Müsste man nicht übrigens auch neue Betten einschlafen? Neue, dicke Bücher einlesen? Und wenn man dann nicht mehr weiterlesen mag, weil es eine dieser sterbenslangweiligen Scharteken ist, die man sich wieder von einem Rezensenten im Literaturteil hat aufschwatzen lassen?
Dann setzt man eine »Fertiglesebrille« auf, wie sie Leser K. aus Brannenburg kürzlich bei Tengelmann entdeckt hat: Brille auf, fertig gelesen, Ende, danke.
Ja, solche Funde sind es, die das Leben des Wortstoffhofwartes verschönern. Andere im oben Zitierten lassen ihn ratlos, konpaine, funrder, sibmbe…Wo kommt das her? Wo geht das hin?

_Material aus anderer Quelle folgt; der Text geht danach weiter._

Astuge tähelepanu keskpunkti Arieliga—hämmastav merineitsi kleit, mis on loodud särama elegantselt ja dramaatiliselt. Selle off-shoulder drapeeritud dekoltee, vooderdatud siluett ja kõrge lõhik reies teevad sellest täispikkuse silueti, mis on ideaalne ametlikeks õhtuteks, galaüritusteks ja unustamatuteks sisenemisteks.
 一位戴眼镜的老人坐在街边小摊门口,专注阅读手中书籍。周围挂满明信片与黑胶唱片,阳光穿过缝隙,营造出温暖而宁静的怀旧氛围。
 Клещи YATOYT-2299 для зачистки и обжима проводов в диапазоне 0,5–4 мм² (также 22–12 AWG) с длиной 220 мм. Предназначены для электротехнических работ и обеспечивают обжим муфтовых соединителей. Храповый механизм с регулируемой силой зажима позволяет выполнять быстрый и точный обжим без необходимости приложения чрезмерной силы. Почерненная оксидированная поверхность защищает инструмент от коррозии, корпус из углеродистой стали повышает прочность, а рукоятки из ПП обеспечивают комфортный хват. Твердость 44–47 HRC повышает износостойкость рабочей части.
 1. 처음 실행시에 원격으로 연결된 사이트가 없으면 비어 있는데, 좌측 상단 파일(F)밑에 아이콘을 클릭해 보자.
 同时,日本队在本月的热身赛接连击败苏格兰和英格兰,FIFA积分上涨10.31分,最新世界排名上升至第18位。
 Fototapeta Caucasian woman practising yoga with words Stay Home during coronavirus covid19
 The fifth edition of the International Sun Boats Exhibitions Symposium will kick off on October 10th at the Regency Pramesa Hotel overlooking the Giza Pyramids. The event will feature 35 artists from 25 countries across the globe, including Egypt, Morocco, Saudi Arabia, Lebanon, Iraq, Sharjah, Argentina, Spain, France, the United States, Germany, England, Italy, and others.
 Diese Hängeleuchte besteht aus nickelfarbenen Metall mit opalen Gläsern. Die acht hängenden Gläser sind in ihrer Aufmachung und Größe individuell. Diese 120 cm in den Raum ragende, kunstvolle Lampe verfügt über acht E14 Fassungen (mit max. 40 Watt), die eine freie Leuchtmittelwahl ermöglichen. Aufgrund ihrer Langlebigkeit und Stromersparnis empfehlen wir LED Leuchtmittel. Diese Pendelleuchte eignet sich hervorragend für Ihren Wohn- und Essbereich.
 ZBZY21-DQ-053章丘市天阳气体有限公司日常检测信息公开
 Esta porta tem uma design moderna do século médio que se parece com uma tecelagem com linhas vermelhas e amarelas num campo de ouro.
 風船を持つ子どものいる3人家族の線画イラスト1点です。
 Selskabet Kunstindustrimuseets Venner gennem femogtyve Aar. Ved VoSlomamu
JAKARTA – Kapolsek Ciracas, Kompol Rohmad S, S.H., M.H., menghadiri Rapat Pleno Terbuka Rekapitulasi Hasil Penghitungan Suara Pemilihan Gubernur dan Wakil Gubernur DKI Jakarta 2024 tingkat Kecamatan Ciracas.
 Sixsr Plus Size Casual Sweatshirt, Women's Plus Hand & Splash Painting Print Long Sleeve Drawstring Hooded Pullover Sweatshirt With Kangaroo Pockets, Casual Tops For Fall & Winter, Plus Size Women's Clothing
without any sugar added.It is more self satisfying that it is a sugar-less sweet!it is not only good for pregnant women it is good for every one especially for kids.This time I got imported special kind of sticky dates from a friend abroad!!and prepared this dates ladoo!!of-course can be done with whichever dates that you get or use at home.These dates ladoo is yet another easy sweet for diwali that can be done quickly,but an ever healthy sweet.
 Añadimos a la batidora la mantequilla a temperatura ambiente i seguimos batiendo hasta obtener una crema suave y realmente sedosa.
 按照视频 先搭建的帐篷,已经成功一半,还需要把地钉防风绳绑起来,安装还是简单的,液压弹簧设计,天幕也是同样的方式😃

Ratlosigkeit ist einer meiner Hauptzustände. Herr S. aus Rostock erkundigt sich, ob ich wisse, wie der »Anti-Fett-Magnet« funktioniere, der sich, dem Aufkleber auf den Flaschen zufolge, im neuen Pril Kraft-Gel befinde. Ein Magnet, der Anti-Fett anzieht? Was ist Anti-Fett? Das Gegenteil von Fett? Ein Mittel zur Bekämpfung von Fett, so wie man mit Anti-Allergika Allergien behandelt?
Geniale Erfindung, toller Stoff. Befindet er sich irgendwie gelöst in unseren Spülwässern, aus denen Pril ihn mit Anti-Fett-Magneten zieht, seine Kräfte bündelt, um ihn dann auf Essensreste loszulassen?
Zeit für eine Erwähnung im Duden, irgendwo zwischen Antifaschismus und Antigone.